__Data for processing__:
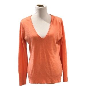 NEW YORK & CO Coral Orange Peach V-Neck Sweater Top Large
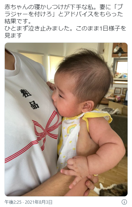 その後もブラジャーのおかげか夜泣きすることもなく、ぐっすり寝てくれたそうで、「しばらくブラジャー生活が確定しました。応援ありがとうございます」と報告しています。
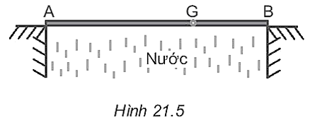21.6 Một tấm ván nặng 150 N được bắc qua một con mương. Biết trọng tâm G của tâm ván cách điểm tựa A một khoảng là 2 m và cách điểm tựa B một khoảng 1 m (Hình 21.5). Hãy xác định lực mà tấm ván tác dụng lên hai bờ mương.
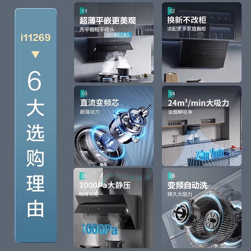 华帝油烟机i11269抽油烟机25m³家用厨房大吸力变频侧吸烟机官方
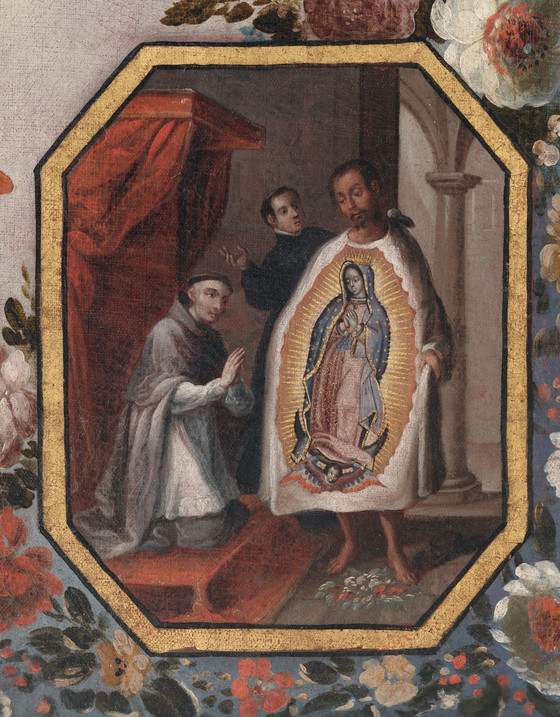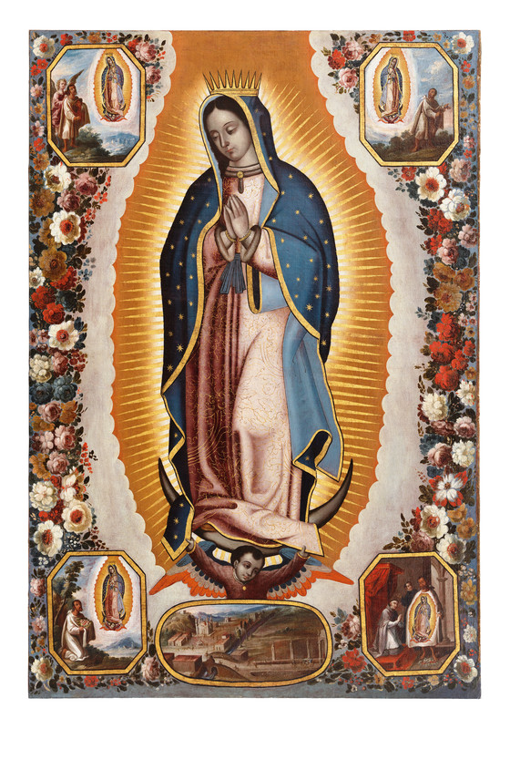 Our Lady of Guadalupe is without question one of the most revered and reproduced images of the Christian world. Legend has it that in 1531, just a few years after the conquest of Mexico, the Virgin appeared several times to the Indian Juan Diego at the hill of Tepeyac, north of Mexico City, and asked him to visit Bishop Juan de Zumárraga so he could build her a chapel on that location. At first, the bishop refused to believe Juan Diego, until he unfolded his cloak filled with extraordinary flowers, revealing the miraculously imprinted image of the Virgin. In awe, the bishop fell to his knees and begged the Virgin for forgiveness. According to tradition, the image imprinted on Juan Diego’s cloak is the same venerated today at the Basílica of Guadalupe in Mexico City, which continues to attract millions of pilgrims each year.
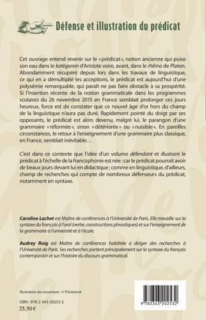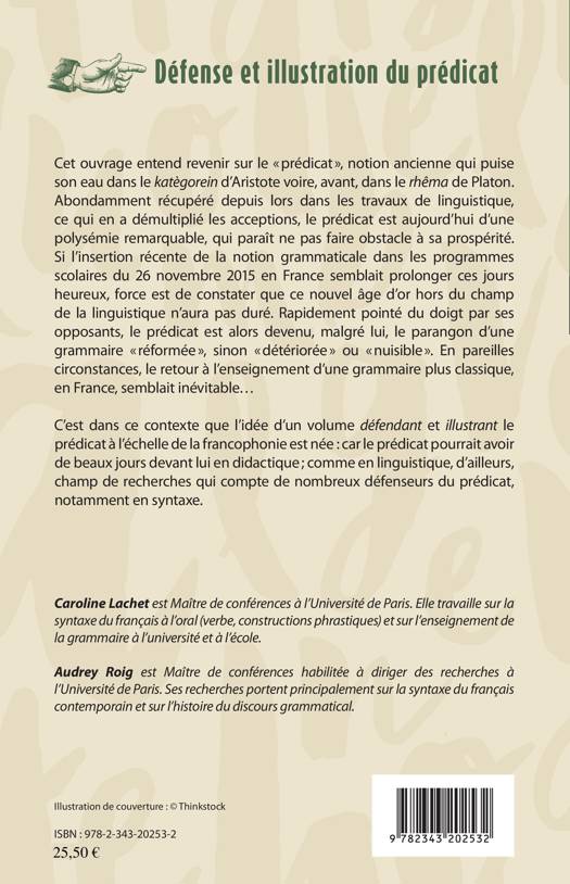 Cet ouvrage entend revenir sur le « prédicat », notion ancienne qui puise son eau dans le katègorein d'Aristote voire, même avant, dans le rhêma de Platon. Abondamment récupéré depuis lors dans les travaux de linguistique, le prédicat est aujourd'hui d'une polysémie remarquable. Si l'insertion récente de la notion grammaticale dans les programmes scolaires du 26 novembre 2015 en France semblait prolonger ces jours heureux, le prédicat, rapidement pointé du doigt par ses opposants, est devenu, malgré lui, le parangon d'une grammaire « réformée », sinon « détériorée » ou « nuisible ». C'est dans ce contexte que l'idée d'un volume défendant et illustrant le prédicat à l'échelle de la francophonie est née.
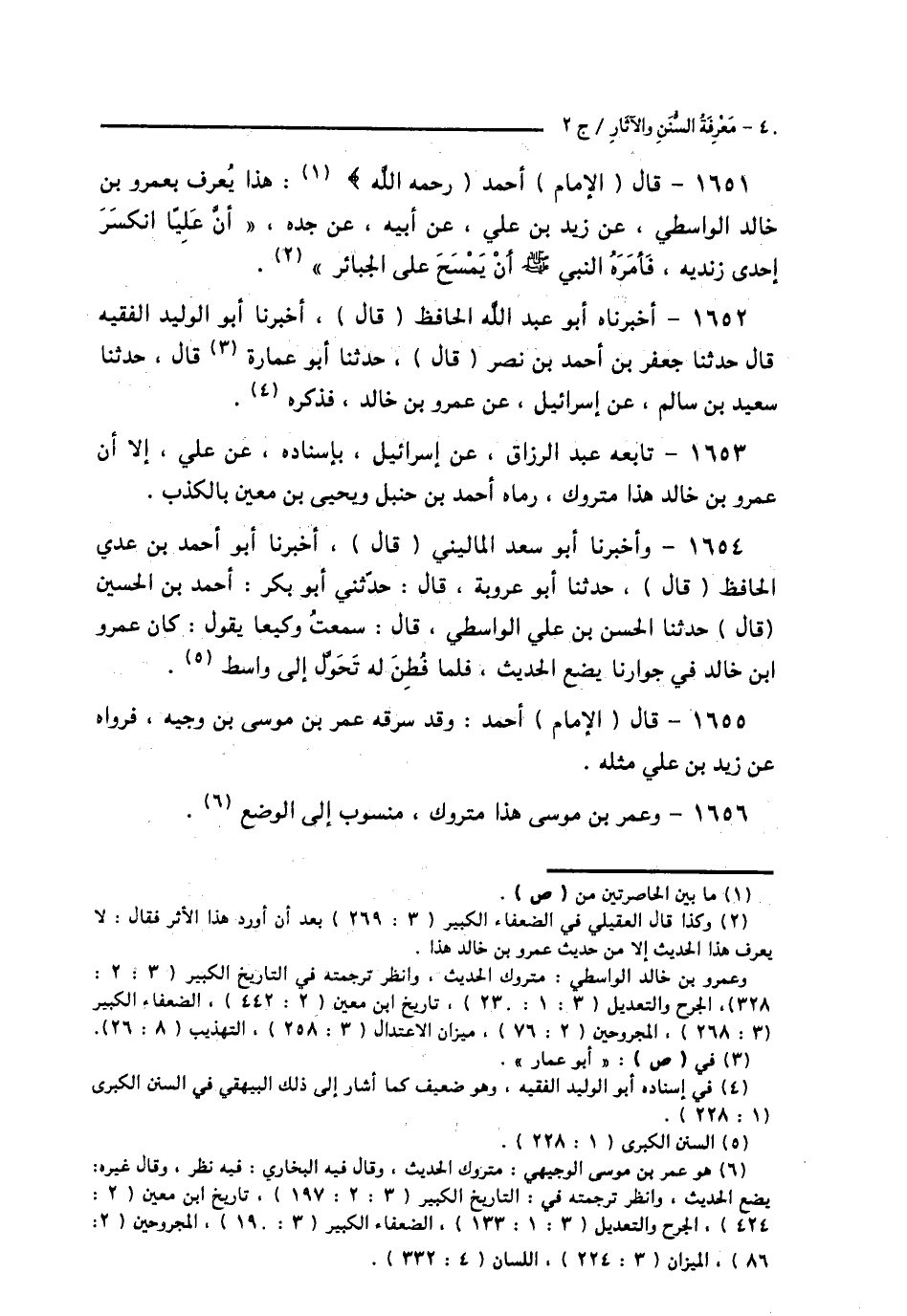 1651 - قَالَ الْإِمَامُ أَحْمَدُ، رَحِمَهُ اللَّهُ، هَذَا يُعْرَفُ بِعَمْرِو بْنِ خَالِدٍ الْوَاسِطِيِّ، عَنْ زَيْدِ بْنِ عَلِيٍّ، عَنْ أَبِيهِ، عَنْ جَدِّهِ: أَنَّ عَلِيًّا: " انْكَسَرَ إِحْدَى زَنْدَيْهِ، فَأَمَرَهُ النَّبِيُّ صَلَّى اللهُ عَلَيْهِ وَسَلَّمَ: أَنْ §يَمْسَحَ عَلَى الْجَبَائِرِ "

__What needs to be done__: From the first line of the records through the line containing "21.6 Một tấm", please output exactly those lines and nothing more, leaving out the pictures.

__Expected answer__:
 NEW YORK & CO Coral Orange Peach V-Neck Sweater Top Large
 その後もブラジャーのおかげか夜泣きすることもなく、ぐっすり寝てくれたそうで、「しばらくブラジャー生活が確定しました。応援ありがとうございます」と報告しています。
21.6 Một tấm ván nặng 150 N được bắc qua một con mương. Biết trọng tâm G của tâm ván cách điểm tựa A một khoảng là 2 m và cách điểm tựa B một khoảng 1 m (Hình 21.5). Hãy xác định lực mà tấm ván tác dụng lên hai bờ mương.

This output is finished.